'''

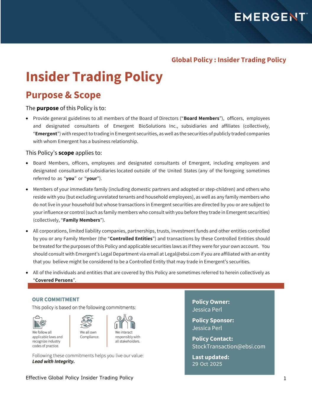 Effective Global Policy Insider Trading Policy 1 Global Policy : Insider Trading Policy Insider Trading Policy Purpose & Scope The purpose of this Policy is to: Provide general guidelines to all members of the Board of Directors (“Board Members”), officers, employees and designated consultants of Emergent BioSolutions Inc., subsidiaries and affiliates (collectively, “Emergent”) with respect to trading in Emergent securities, as well as the securities of publicly traded companies with whom Emergent has a business relationship. This Policy’s scope applies to: Board Members, officers, employees and designated consultants of Emergent, including employees and designated consultants of subsidiaries located outside of the United States (any of the foregoing sometimes referred to as “you” or “your”). Members of your immediate family (including domestic partners and adopted or step-children) and others who reside with you (but excluding unrelated tenants and household employees), as well as any family members who do not live in your household but whose transactions in Emergent securities are directed by you or are subject to your influence or control (such as family members who consult with you before they trade in Emergent securities) (collectively, “Family Members”). All corporations, limited liability companies, partnerships, trusts, investment funds and other entities controlled by you or any Family Member (the “Controlled Entities”) and transactions by these Controlled Entities should be treated for the purposes of this Policy and applicable securities laws as if they were for your own account. You should consult with Emergent’s Legal Department via email at Legal@ebsi.com if you are affiliated with an entity that you believe might be considered to be a Controlled Entity that may trade in Emergent’s securities. All of the individuals and entities that are covered by this Policy are sometimes referred to herein collectively as “Covered Persons”. Policy Owner: Jessica Perl Policy Sponsor: Jessica Perl Policy Contact: StockTransaction@ebsi.com Last updated: 29 Oct 2025
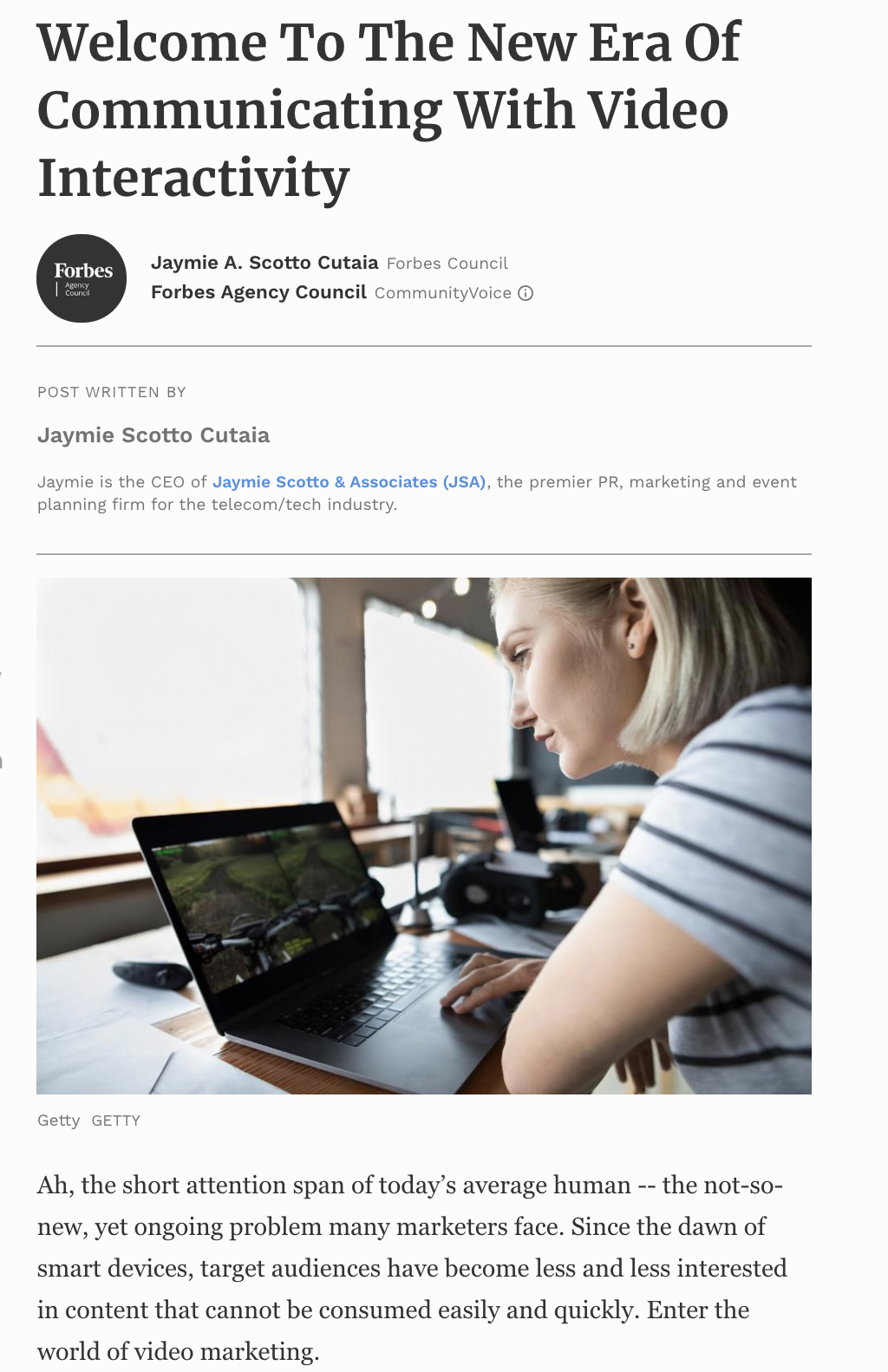 Jaymie Scotto Cutaia: This month’s Forbes article delves deep into the topic of video interactivity. We’ve known for some time that videos are hot, and are now widely adopted by marketers. But now, we face a new challenge. As marketers, not only do we have to present information to target audiences, but also truly engage with them. While still an up-and-coming trend, interactive video takes this already-established medium to the next level, as so well exhibited in JSA Account Manager Carl Sketchley‘s article. Carl, what inspired you to write this piece?
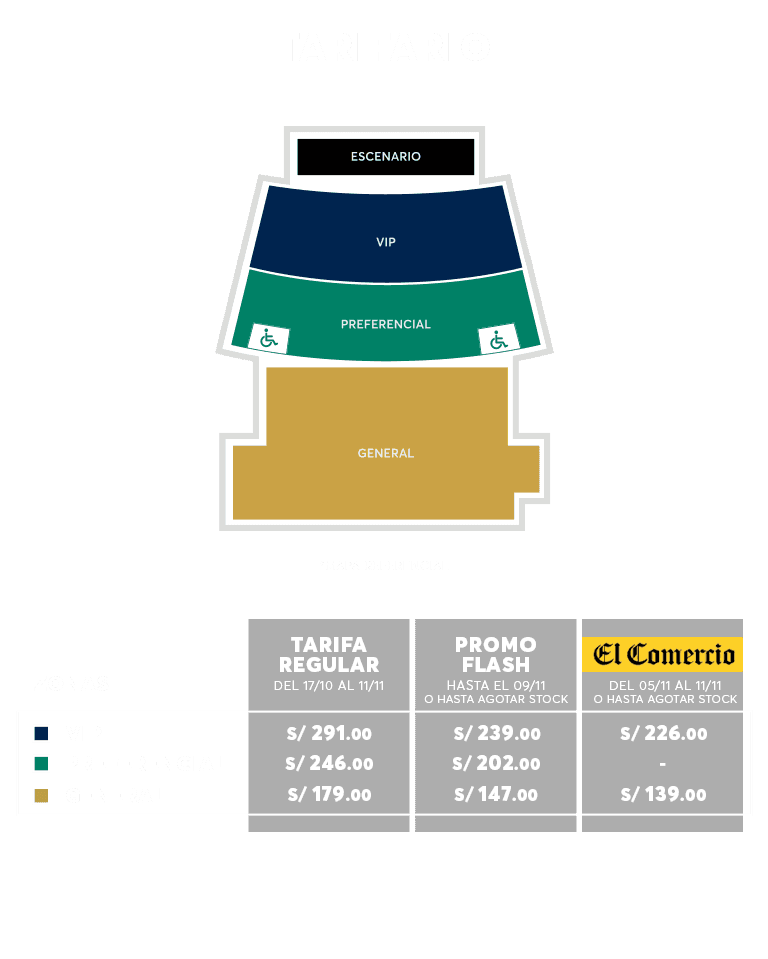 • De acuerdo con la Ley N° 29973, las personas con discapacidad debidamente acreditadas podrán acceder a un descuento para la compra de su entrada. Este descuento es válido únicamente para una (01) entrada por usuario, de carácter personal e intransferible. Para solicitarlo y conocer más sobre el procedimiento de compra, ingresa a: Fan Support y/o acércate a nuestro centros de experiencia. El descuento podrá ser adquirido por la persona debidamente acreditada, mostrando el medio probatorio correspondiente, al momento de la compra y al ingreso del evento.
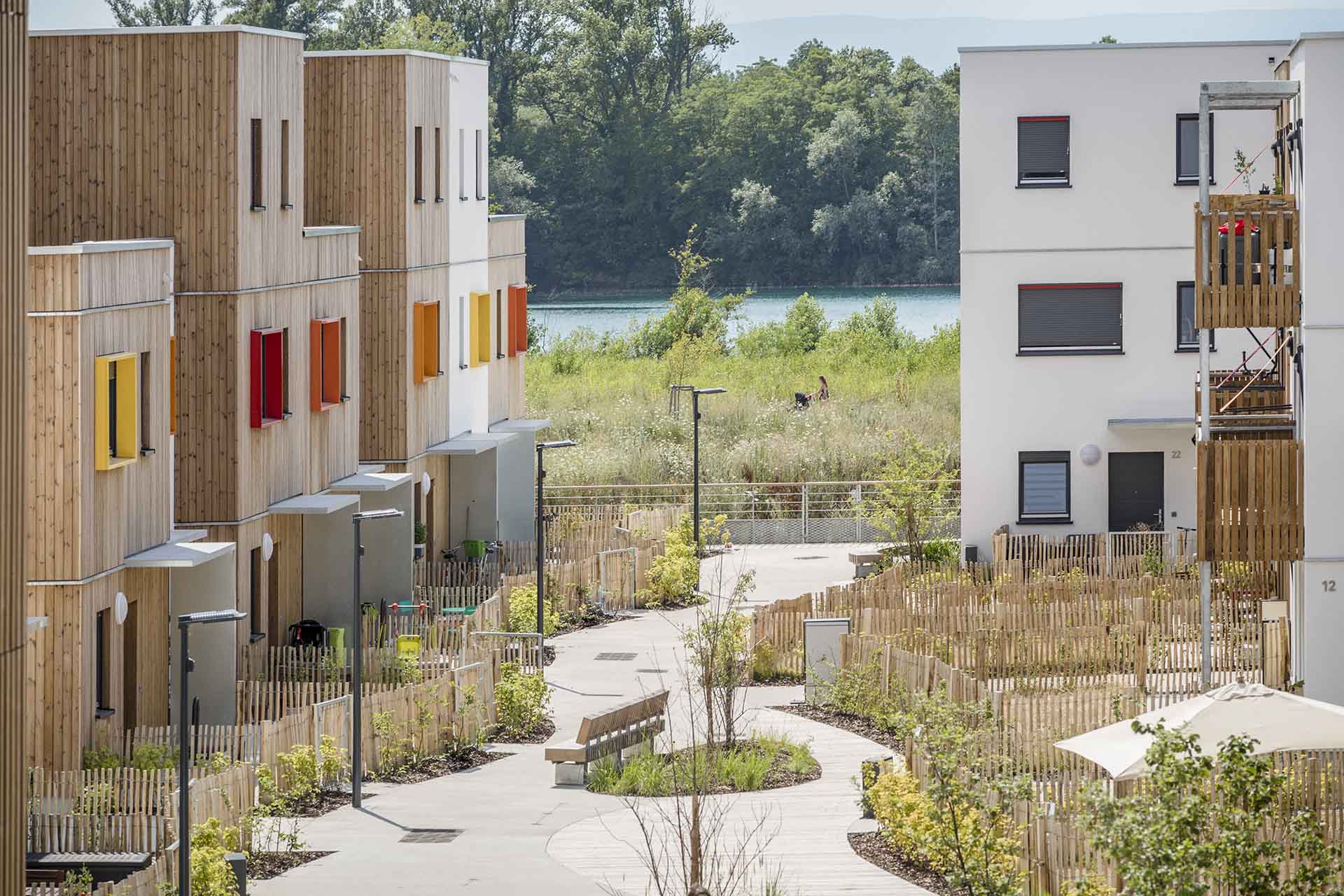 Cet éco-quartier développe un schéma d’urbanisation unique et spécifiquement pensé pour répondre de manière douce, adaptée et innovante à la question de l’inondabilité du site. Les bâtiments de logements sont implantés sur 5 pontons habités « flottant » au-dessus d’une prairie inondable. Chaque ponton accueille une mixité de logements à la fois sociaux et en accession libre, entremêlant habitations individuelles, intermédiaires et collectives. La part belle est laissée au paysage, à la végétation, aux espaces ouvertes et partagés, autour d’un cœur de ponton vivant et convivial. On trouve au total 305 logements.

'''

What you give back must match the material word for word, with no images included.

▶ Exercise result:
 Effective Global Policy Insider Trading Policy 1 Global Policy : Insider Trading Policy Insider Trading Policy Purpose & Scope The purpose of this Policy is to: Provide general guidelines to all members of the Board of Directors (“Board Members”), officers, employees and designated consultants of Emergent BioSolutions Inc., subsidiaries and affiliates (collectively, “Emergent”) with respect to trading in Emergent securities, as well as the securities of publicly traded companies with whom Emergent has a business relationship. This Policy’s scope applies to: Board Members, officers, employees and designated consultants of Emergent, including employees and designated consultants of subsidiaries located outside of the United States (any of the foregoing sometimes referred to as “you” or “your”). Members of your immediate family (including domestic partners and adopted or step-children) and others who reside with you (but excluding unrelated tenants and household employees), as well as any family members who do not live in your household but whose transactions in Emergent securities are directed by you or are subject to your influence or control (such as family members who consult with you before they trade in Emergent securities) (collectively, “Family Members”). All corporations, limited liability companies, partnerships, trusts, investment funds and other entities controlled by you or any Family Member (the “Controlled Entities”) and transactions by these Controlled Entities should be treated for the purposes of this Policy and applicable securities laws as if they were for your own account. You should consult with Emergent’s Legal Department via email at Legal@ebsi.com if you are affiliated with an entity that you believe might be considered to be a Controlled Entity that may trade in Emergent’s securities. All of the individuals and entities that are covered by this Policy are sometimes referred to herein collectively as “Covered Persons”. Policy Owner: Jessica Perl Policy Sponsor: Jessica Perl Policy Contact: StockTransaction@ebsi.com Last updated: 29 Oct 2025
 Jaymie Scotto Cutaia: This month’s Forbes article delves deep into the topic of video interactivity. We’ve known for some time that videos are hot, and are now widely adopted by marketers. But now, we face a new challenge. As marketers, not only do we have to present information to target audiences, but also truly engage with them. While still an up-and-coming trend, interactive video takes this already-established medium to the next level, as so well exhibited in JSA Account Manager Carl Sketchley‘s article. Carl, what inspired you to write this piece?
 • De acuerdo con la Ley N° 29973, las personas con discapacidad debidamente acreditadas podrán acceder a un descuento para la compra de su entrada. Este descuento es válido únicamente para una (01) entrada por usuario, de carácter personal e intransferible. Para solicitarlo y conocer más sobre el procedimiento de compra, ingresa a: Fan Support y/o acércate a nuestro centros de experiencia. El descuento podrá ser adquirido por la persona debidamente acreditada, mostrando el medio probatorio correspondiente, al momento de la compra y al ingreso del evento.
 Cet éco-quartier développe un schéma d’urbanisation unique et spécifiquement pensé pour répondre de manière douce, adaptée et innovante à la question de l’inondabilité du site. Les bâtiments de logements sont implantés sur 5 pontons habités « flottant » au-dessus d’une prairie inondable. Chaque ponton accueille une mixité de logements à la fois sociaux et en accession libre, entremêlant habitations individuelles, intermédiaires et collectives. La part belle est laissée au paysage, à la végétation, aux espaces ouvertes et partagés, autour d’un cœur de ponton vivant et convivial. On trouve au total 305 logements.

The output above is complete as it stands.